The petitioner testified on his own behalf at trial. According to the petitioner, he was under the influence of drugs and alcohol when he entered the store. Id. Because no one was present to wait on him, he lay on the counter. Id. Eventually, Mr. Alshinawa pushed his head, which escalated into “scuffling.” Id. As the petitioner exited the store, he was

1 Ms. Moore did not testify at trial.

-2- followed by Mr. Alshinawa, who began to break the car windows with a metal pipe. Id. The petitioner’s testimony was that Mr. Alshinawa then shouted, “Is this what you want?” and threw the videotape into the car. Id. The petitioner then recounted the car chase, noting that a police car swerved in front of him and he had to take evasive action. Id. at *4-5.

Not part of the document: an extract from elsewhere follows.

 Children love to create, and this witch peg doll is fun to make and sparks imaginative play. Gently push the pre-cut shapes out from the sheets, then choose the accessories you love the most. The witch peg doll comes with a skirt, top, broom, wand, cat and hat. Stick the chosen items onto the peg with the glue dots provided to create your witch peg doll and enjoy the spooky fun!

The jury found the petitioner guilty of two counts of aggravated robbery, one count of aggravated assault, and one count of evading arrest. However, the trial court, citing Franklin, 130 S.W.3d at 796, reduced the conviction for the aggravated robbery of Ms. Moore to aggravated assault, concluding that since only store property had been taken, the evidence did not support more than one conviction for aggravated robbery. Id. at *5. The trial court sentenced the petitioner to twenty-eight years as a Range III, persistent offender for the aggravated robbery conviction. The court sentenced the petitioner as a Range II, multiple offender to eight years for one aggravated assault, ten years for the other, and to eight years for the evading arrest conviction. The trial court ordered that the sentences be served consecutively for an aggregate term of fifty-four years. Id. at *1. After trial, the petitioner grew dissatisfied with his retained attorney. He was appointed new counsel, and appellate counsel filed and pursued his direct appeal. This Court affirmed his convictions and sentences.

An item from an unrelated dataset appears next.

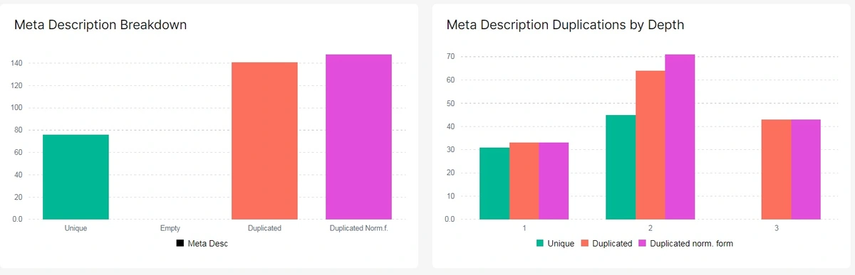 You can also estimate the scale of unique, empty, duplicated descriptions, their DFI in clicks from the main page, see the most duplicated description on visual charts in the Crawl – HTML.
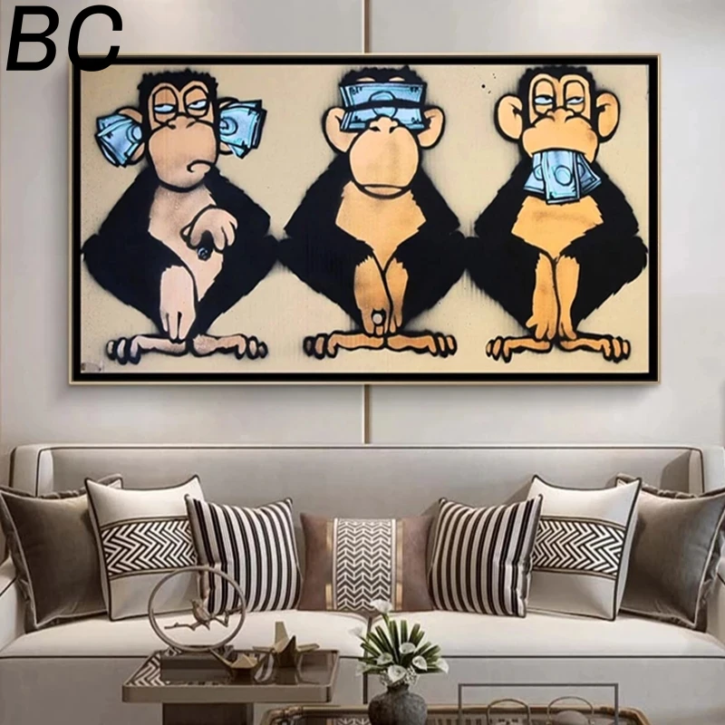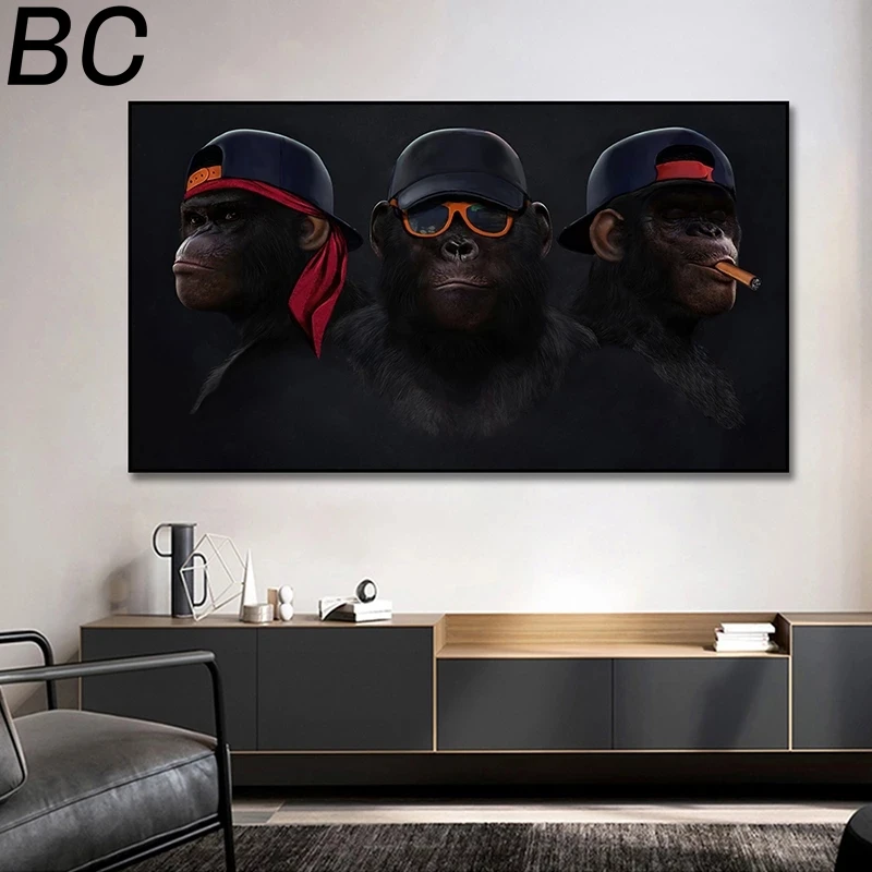 Постер с 3 обезьянами, классное граффити, уличное искусство, Картина на холсте, настенное искусство для гостиной, домашний декор, плакаты и принты, украшение на стену

The petitioner filed a timely pro se petition for post-conviction relief. Counsel filed an amended petition on behalf of the petitioner, and the post-conviction court held an evidentiary hearing.

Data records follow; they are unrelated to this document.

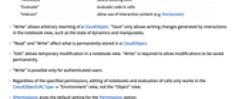 "Edit" allow editing of the notebook document "Save" allow saving of the notebook "CellEdit" edit content in existing cells "CellCreate" create new cells "CellDelete" delete existing cells "Evaluate" evaluate code in cells "Interact" allow use of interactive content (e.g. Manipulate) - "Write" allows arbitrary rewriting of a CloudObject. "Save" only allows writing changes generated by interactions in the notebook view, such as the state of dynamics and manipulates.
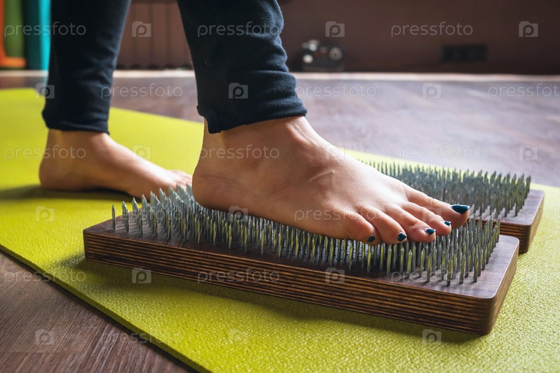Женщина, практикующая йогу, ступает на доску садху с гвоздями, концепция на тему здорового образа жизни
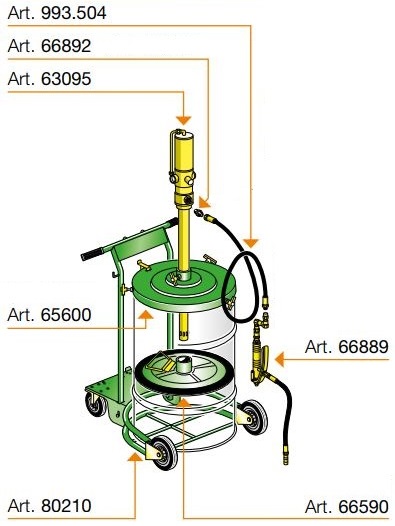 Ідеальна комбінація для подачі (заправки) консистентного мастила в будь-яких робочих умовах. Дуже зручний візок оснащений пристосуванням для закріплення бочки (180-220 кг), регульованою бічною опорою для закріплення додаткових пристроїв, колесом з гальмом.
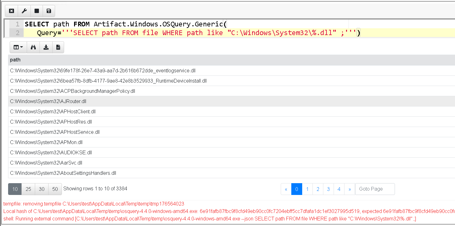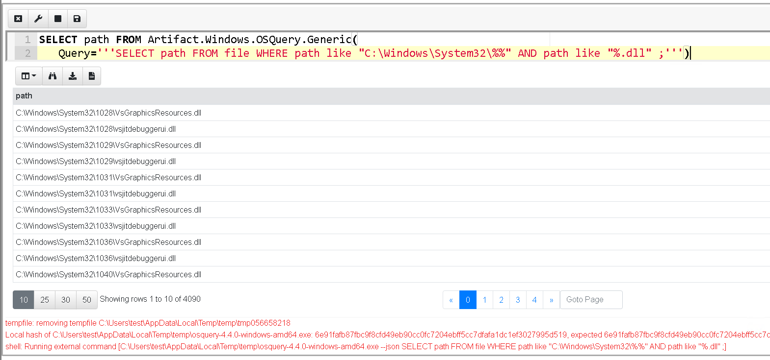 If you tried this you would immediately see a difference in performance — the VQL example took less than a second to return 3384 rows while OSQuery took over 6 sec to return the same data. While 6 seconds is not too bad, this gets worse when we try to fetch more dlls from the disk…
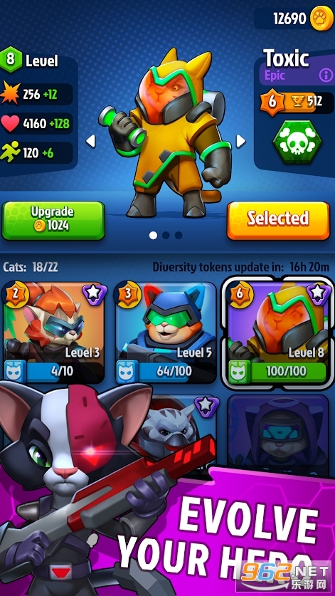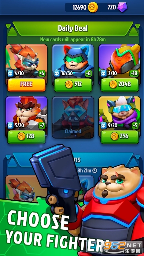 · 多个猫科动物角色已准备好加入战斗——赢得并收集积分以打开它们;
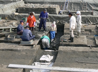 石神遺跡に向かった。 平日だから作業が見られると、胸がときめく♪ (笑)
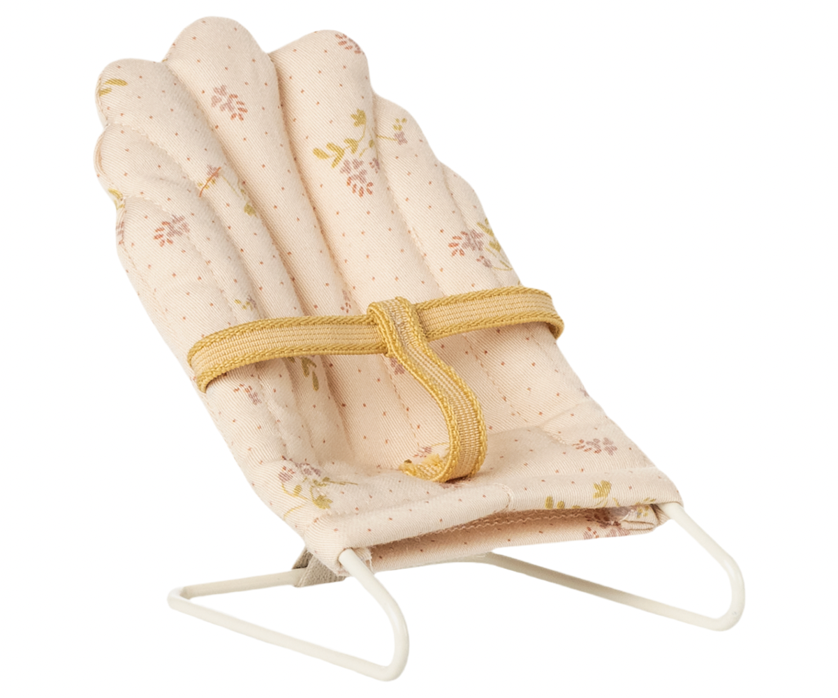 Perfectly sized for Maileg's micro rabbits and bunnies, the Maileg Babysitter Micro in off-white is a charming and functional addition to any miniature nursery. Featuring a soft floral pink fabric seat with delicate golden straps and a sturdy metal frame, this babysitter offers both comfort and style for the tiniest members of the Maileg family. Ideal for imaginative play, it’s a lovely accessory that blends vintage charm with sweet practicality.
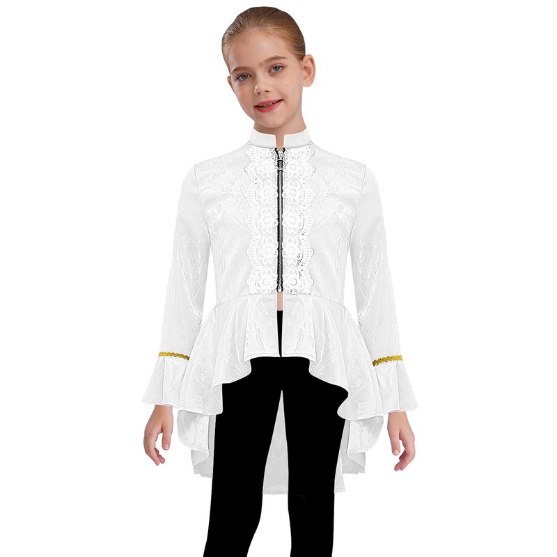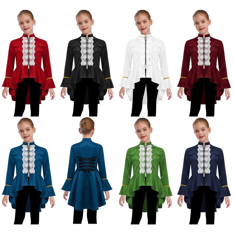 Stand collar, long sleeves, flared sleeves, medieval styled high-low hem jacket for girl.
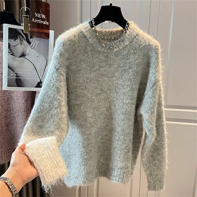 ニットセーター セーター レディース シャギーニット シャギー ニット アウター 長袖 セーター インナー 長袖セーター プルオーバー ニットソー 秋 冬 厚手 秋冬 無地 ふわふわ もこもこ グルー | HUG-L
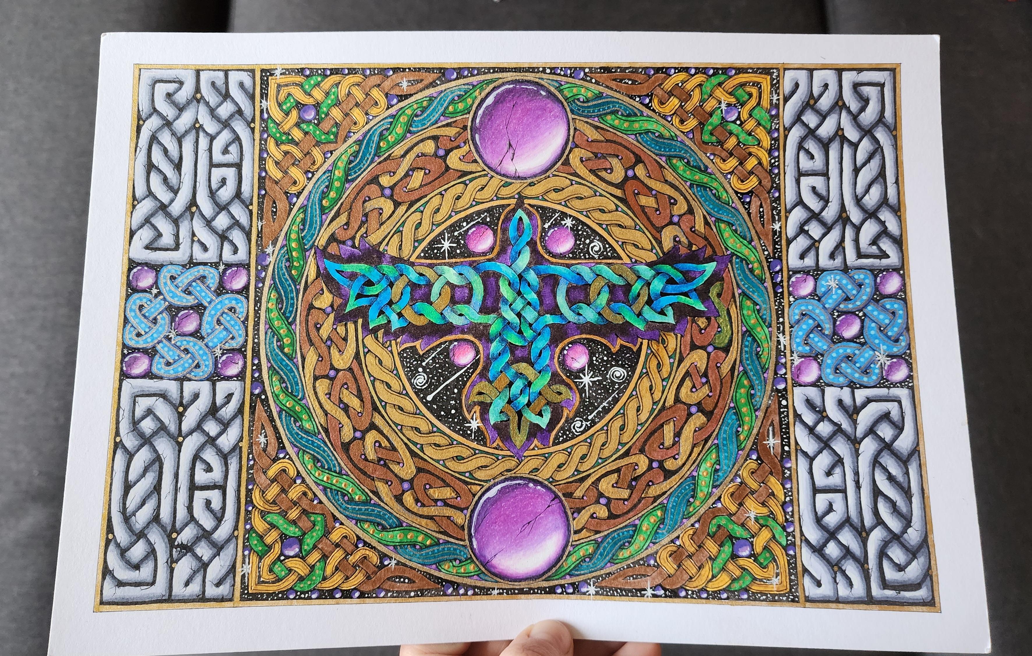 #MastoArt #CreativeToots #ArtForSale #OriginalArt #Celticknot #Raven #Corvid #FediGiftShop

The petitioner testified that trial counsel represented him for thirteen months, during which time, with the exception of trial counsel’s hiring and of the trial, he never saw his attorney. The petitioner introduced a record of his jail visits which covered the duration of his pre-trial incarceration and in which trial counsel’s name never appears. The petitioner testified he had eight or nine appearances in court prior to his trial date, but trial counsel never spoke to him about the case in the holding areas. Trial counsel did not provide him with discovery, as they had “no communication.” Trial counsel also failed to provide him with street clothing for the jury trial. The petitioner testified that he was not aware that he would be on trial until the morning the trial began, that he did not have a chance to contact his family or get clothing for trial, and that a court officer was looking for clothing for him on the morning of trial. Counsel did not have an opening statement, did not have any prepared questions written down in anticipation of examining witnesses, and did not take petitioner’s suggestions for questions to ask witnesses. The petitioner stated that his trial counsel did not investigate or interview any of the State’s witnesses. He testified that, had trial counsel interviewed Ms.